_WHAT TO WORK ON_
Repeat the data that follows exactly, starting at the line with "Crochet Mini Flower" and ending at the line with "Mink coat with", and leave out every picture.

_SOURCE MATERIAL_

*** Begin section ***

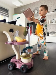 Il set riproduce un vero carrello delle pulizie e incoraggia i bambini a esplorare la responsabilità e la cura della pulizia.
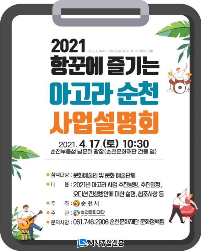 Àç´ÜÀº ¼øÃµ Áö¿ª ¹®È¿¹¼úÀÎµé ´ë»óÀ¸·Î ¡®Çײۿ¡ Áñ±â´Â ¾Æ°í¶ó ¼øÃµ¡¯ÀÇ 2021³â »ç¾÷¹æÇâ, ÃßÁøÀÏÁ¤, ¿Àµð¼Ç ¹æ½Ä µî¿¡ ´ëÇÑ ºê¸®Çΰú ±Ã±ÝÇÑ »çÇ×À» ÁúÀÇ ÀÀ´äÇÏ´Â ¹æ½ÄÀ¸·Î ÁøÇàÇÒ °èȹÀÌ´Ù.
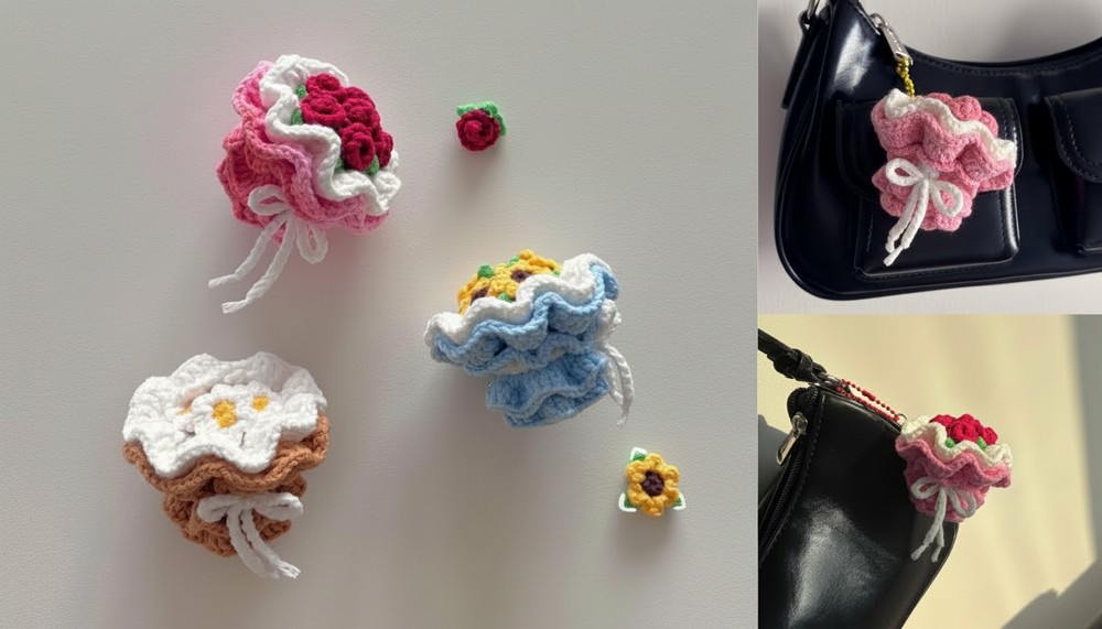 Crochet Mini Flower Bouquet Keychain Pattern with Quick Steps
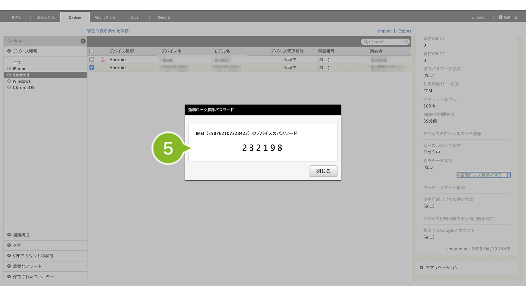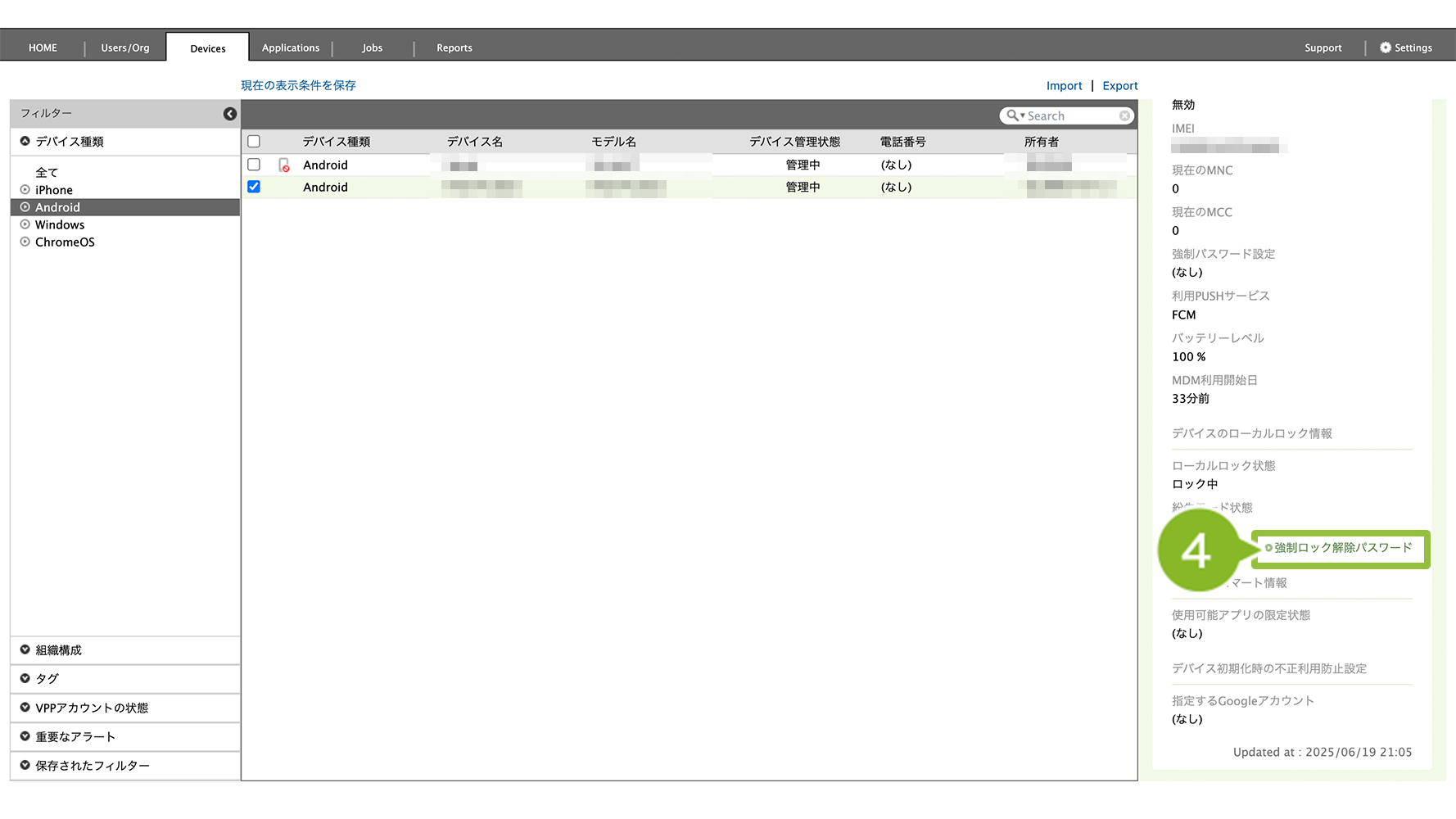 ※ デバイス詳細情報のローカルロック状態が「なし」の状態でも強制解除を実施することができます。
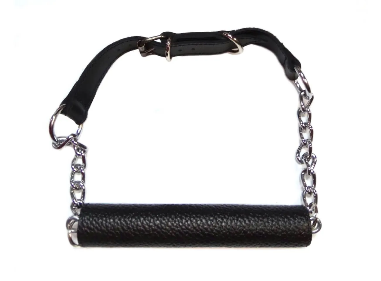 Трензель с цепями выполнен из натуральной кожи черного цвета. Ремешок регулируется по длине, поэтому его можно будет подогнать под нужный размер. Длина самого трензеля составляет 14 см.
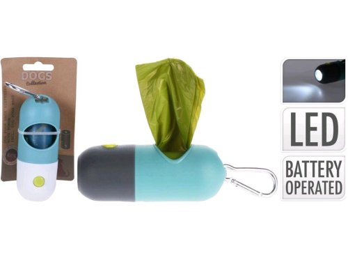 Zásobník na vrecká DOGS s LED svetlom a karabínou.
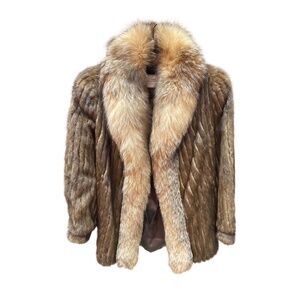 Mink coat with Coyote fur collar. Vertical piping, decorative panelling that creates a vertical line design element on the coat. It's not labeled petite, but I would recommend this for someone 5'8 or shorter.
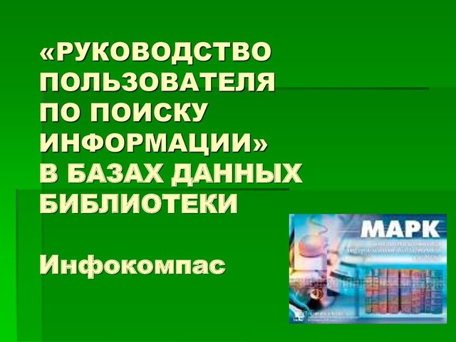 или запроса, которое несет в нем существенную смысловую нагрузку. Терм - слово или словосочетание, необходимое для поиска. Электронная картотека статей – база данных, которая содержит библиографическую информацию о статьях из журналов, газет, сборников. Электронный каталог – база данных, которая содержит полный перечень библиографических описаний книг библиотеки (всех или поступивших со времени начала ведения электронного каталога).
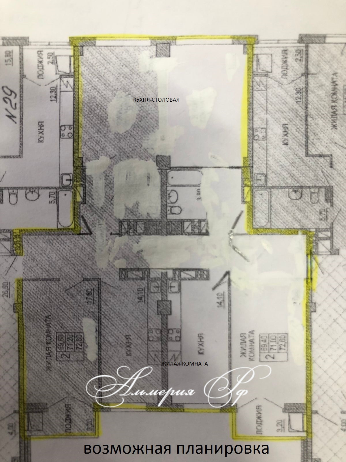 Так же в продаже имеется 2 комнатная квартира площадью 72 кв.м., расположенная на 12 этаже, со всеми указанными выше параметрами, но в соседнем подъезде и зеркальной планировкой (на фото с планировкой 2).
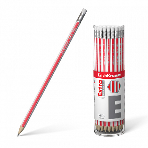 Карандаш с ластиком дерево ErichKrause Extra красно-белый корпус 45488 шестигранный НВ
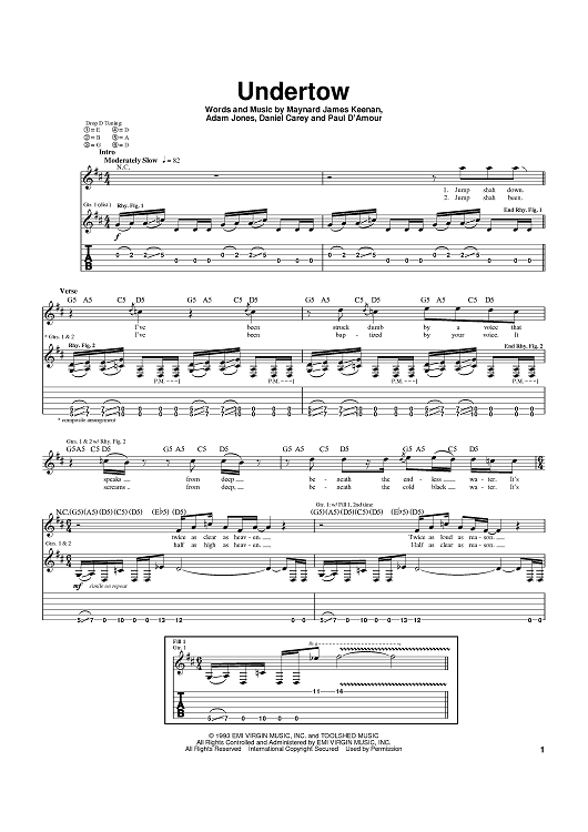 Digital Sheet Music for Undertow by Maynard James Keenan, Daniel Carey, Adam Jones, Tool scored for Guitar Tab; id:367864

*** End section ***

_COMPLETED EXERCISE_
 Crochet Mini Flower Bouquet Keychain Pattern with Quick Steps
 ※ デバイス詳細情報のローカルロック状態が「なし」の状態でも強制解除を実施することができます。
 Трензель с цепями выполнен из натуральной кожи черного цвета. Ремешок регулируется по длине, поэтому его можно будет подогнать под нужный размер. Длина самого трензеля составляет 14 см.
 Zásobník na vrecká DOGS s LED svetlom a karabínou.
 Mink coat with Coyote fur collar. Vertical piping, decorative panelling that creates a vertical line design element on the coat. It's not labeled petite, but I would recommend this for someone 5'8 or shorter.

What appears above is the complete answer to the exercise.